Materials in packing group No. 1 have a boiling point of less than 95 degrees Fahrenheit, and that could mean they pose a more serious fire risk if they escape a container in an accident, according to the pipeline agency. The agency also said that it expects to have final test results in the near future for the gas content, corrosivity, toxicity, flammability and other characteristics of Bakken crude oil, which should help determine the proper characterization of the material.

NTSB board member Robert Sumwalt, leading its investigation, said earlier in the week that the rail cars involved in the crash were older types that do not meet the latest industry safety standards, effective since 2011. The agency has said that 69 percent of tank cars were built before 2011, and the industry has estimated a $1 billion price tag to retrofit them. Some of the changes would be adding extra jackets to tanks or stronger steel at the head.

NTSB Chairwoman Deborah Hersman said that the agency has been pushing for retrofitting of cars and that active rulemaking is underway at DOT concerning rail car safety.

"Those tank cars are the last line of defense," Hersman said on "Closing Bell." "They need to be robust enough to contain that product and not result in a chain reaction event like we saw in North Dakota."

In addition to retrofitting of older cars, she said, new cars must be built more safely.

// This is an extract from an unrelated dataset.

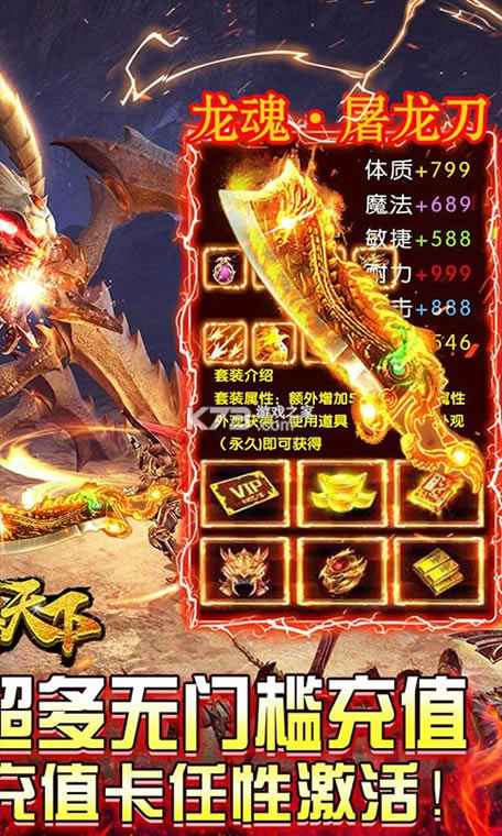 升级节奏超快,打怪掉经验丹,使用后可直升一级,打得越多升的越快!VIP等级不用花钱,完成指定条件即可轻松提升。

Berkshire Hathaway owns BNSF. In a statement, the company said, "We are cooperating fully with the NTSB and want to learn all that we can from the investigation to drive even more safety improvements."

BNSF said the rail industry has reduced rail accidents, grade crossing collisions and employee injuries by 80 percent or more since 1980, according to the Federal Railroad Administration. It said 2012 was the safest year in rail history, and in 2013 BNSF improved safety numbers below the record set in 2012.

BNSF has said it would support a plan to phase out older cars over seven years, allowing the industry time to build replacements. Former BNSF CEO Matt Rose made that comment in an interview with Reuters last November.

"There's no legal mandate binding anybody to upgrade the cars," Weatherbee said. "There are newer cars and when you look at the order book for new cars coming online, most of them meet higher standards. The rail industry owns few if any of these cars. These are owned by the customers. This would not be a cost borne by the rail industry, it would be a cost borne by shippers."

Retrofitting would add to the costs of rail shipping of crude, according to Weatherbee.

"It would change the economics potentially for crude by rail. You've got to go by the economics—why do people move crude by rail?" he said. "In some cases, it may be cheaper than a pipeline, or a pipeline is nonexistent."